Lipopolysaccharide (LPS) induces germ cell apoptosis, but its mechanism of action is not clear. One possibility is that LPS regulates the expression of FAS ligand (FASLG) in Sertoli cells, which will then influence germ cell apoptosis. In this study, LPS reduced the viability of cultured, immature boar Sertoli cells in a time- and dose-dependent manner; enhanced the production of pro-inflammatory cytokines including tumor necrosis factor α (TNFA), interleukin-1ß (IL1B), nitric oxide (NO), and transforming growth factor-ß (TGFB); and increased the expression of FASLG in a dose-dependent manner. While 10 µg/ml LPS enhanced the expression of FASLG, reduced cell cycle progression, and impaired the ultrastructure of Sertoli cells, this dose did not induce apoptosis. LPS also had no effect on the activity or expression of matrix metalloproteinases 2 or 9 (MMP2 or MMP9). In contrast, the expression of ssc-miR-187 increased following LPS challenge, and inhibition of ssc-miR-187 blocked LPS-induced expression of FASLG. Our results therefore suggest that LPS reduces the viability of and enhances FASLG expression in cultured, immature boar Sertoli cells through elevated secretion of TNFA, IL1B, NO, and TGFB as well as through the regulation of ssc-miR-187 potency.

mTOR is involved in 17ß-estradiol-induced, cultured immature boar Sertoli cell proliferation via regulating the expression of SKP2, CCND1, and CCNE1.

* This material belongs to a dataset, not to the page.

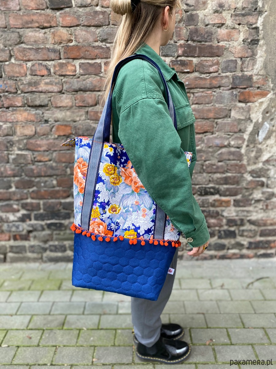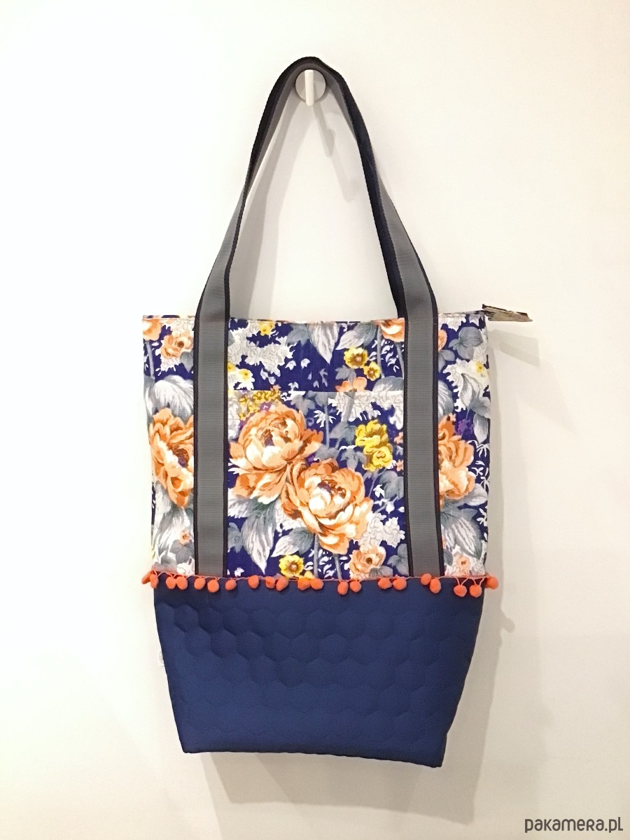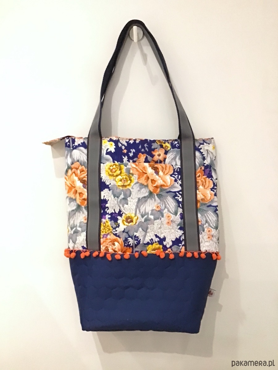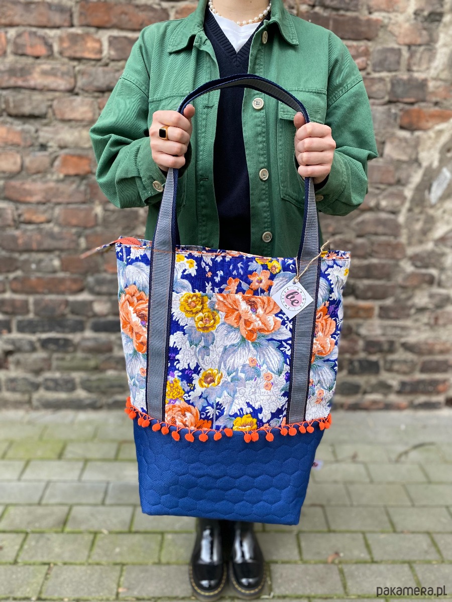 Oryginalna duża torba wykonana w pojedynczym egzemplarzu, została uszyta z różnych tkanin. Góra powstała z grubo tkanej bawełny w pomarańczowe i żółte kwiaty, dół z kobaltowej pikowanej wodoodpornej tkaniny. Na zewnątrz po dwóch stronach dwie otwarte kieszenie. Torba jest w całości delikatnie usztywniona, zapinana na suwak. W środku jest bawełniana podszewka żółta w paski oraz liczne kieszenie (w tym jedna duża na suwak). Uchwyty wykonane z podwójnej mocnej taśmy. Torba jest bardzo pojemna. Idealnie sprawdzi się zarówno na co dzień jak i na wyjazdach.

Mammalian target of rapamycin (mTOR) is known to be involved in mammalian cell proliferation, while S-phase kinase-associated protein 2 (SKP2) plays a vital role in the cell cycle. Within the testis, estrogen also plays an important role in Sertoli cell proliferation, although it is not clear how. The present study asked if mTOR is involved in 17ß-estradiol-dependent Sertoli cell proliferation. We specifically assessed if extracellular signal-regulated kinase 1/2 (ERK1/2) and/or phosphoinositide 3-kinase/protein kinase B (PI3K/AKT) exert convergent effects toward the activation of mTOR signaling, and if this signaling regulates the expression of SKP2 through retinoblastoma (RB) and early mitotic inhibitor 1 (EMI1) protein and on CCNE1 and CCND1 mRNA levels. Treatment with 17ß-estradiol for 15-90 min activated mTOR, with mTOR phosphorylation peaking after 30 min. U0126 (5 µM), a specific inhibitor of (MEK1/2), and 10-DEBC (2 µM), a selective inhibitor of AKT, both significantly reduced 17ß-estradiol-induced phosphorylation of mTOR. Rapamycin suppressed 17ß-estradiol-induced Sertoli cell proliferation, appearing to act by reducing the abundance of SKP2, CCND1, and CCNE1 mRNA as well as RB and EMI1 protein. These data indicated that 17ß-estradiol enhances Sertoli cell proliferation via mTOR activation, which involves both ERK1/2 and PI3K/AKT signaling. Activated mTOR subsequently increases SKP2 mRNA and protein expression by enhancing the expression of CCND1 and CCNE1, and inhibits SKP2 protein degradation by increasing EMI1 abundance.